_Work to be completed_
Return all of the listing word for word; the pictures stay out.

_Exercise data_
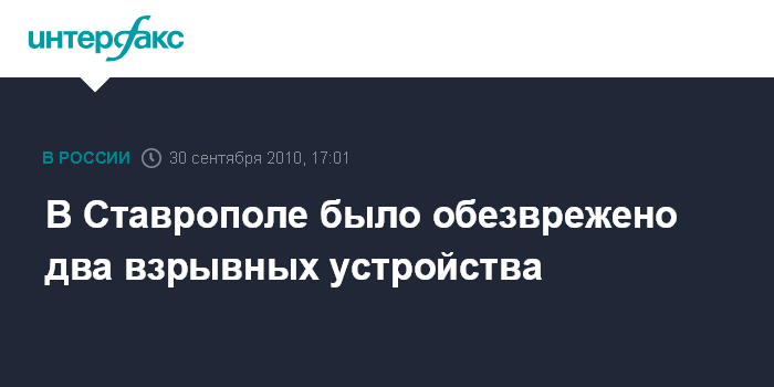 Ставрополь. 30 сентября. INTERFAX.RU - В Юго-западном районе Ставрополя сотрудниками правоохранительных органов было обезврежено два взрывных устройства.
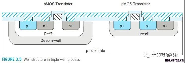 Deepnwell相當(dāng)于組成兩個背靠背的二極管,所以可以隔離p襯底耦合過來的噪聲, 更加強的噪聲隔離工藝是SOI絕緣體上硅工藝
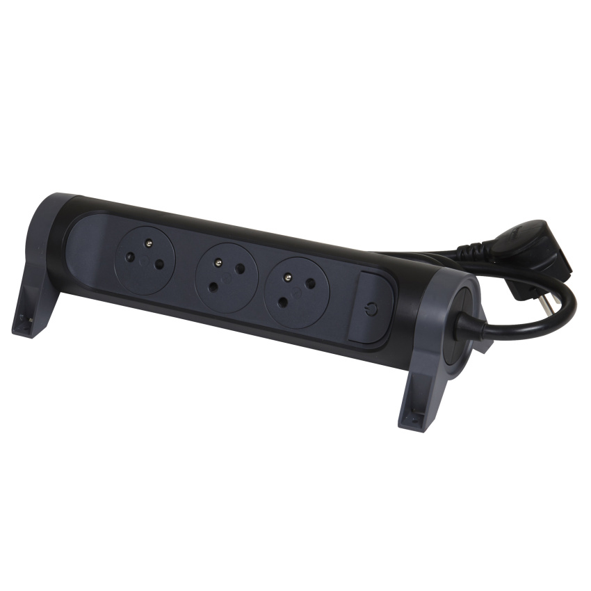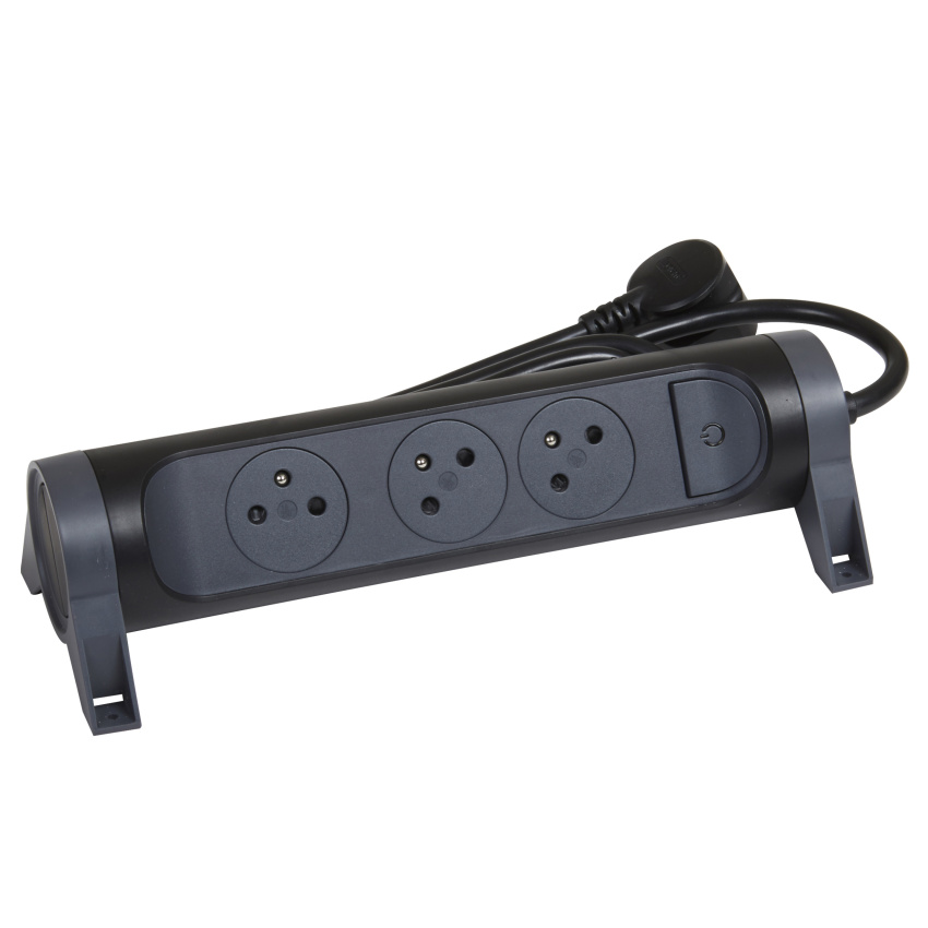 Prodlužovací přívod s válcovým otočným tělem a třemi 2P+T zásuvkami. Díky patentu společnosti Legrand se zarovnaná dna zásuvek zasunou dovnitř až po zastrčení vidlice, tím se dosahuje atraktivního designu a zamezuje hromadění prachu. Pootočené zásuvky poskytují prostor pro připojení i objemnějších nabíječek. Prodlužovací přívod je možné upevnit v horizontální i vertikální poloze a nechybí ani spínač pro vypnutí a zapnutí.

_Your response_
 Ставрополь. 30 сентября. INTERFAX.RU - В Юго-западном районе Ставрополя сотрудниками правоохранительных органов было обезврежено два взрывных устройства.
 Deepnwell相當(dāng)于組成兩個背靠背的二極管,所以可以隔離p襯底耦合過來的噪聲, 更加強的噪聲隔離工藝是SOI絕緣體上硅工藝
 Prodlužovací přívod s válcovým otočným tělem a třemi 2P+T zásuvkami. Díky patentu společnosti Legrand se zarovnaná dna zásuvek zasunou dovnitř až po zastrčení vidlice, tím se dosahuje atraktivního designu a zamezuje hromadění prachu. Pootočené zásuvky poskytují prostor pro připojení i objemnějších nabíječek. Prodlužovací přívod je možné upevnit v horizontální i vertikální poloze a nechybí ani spínač pro vypnutí a zapnutí.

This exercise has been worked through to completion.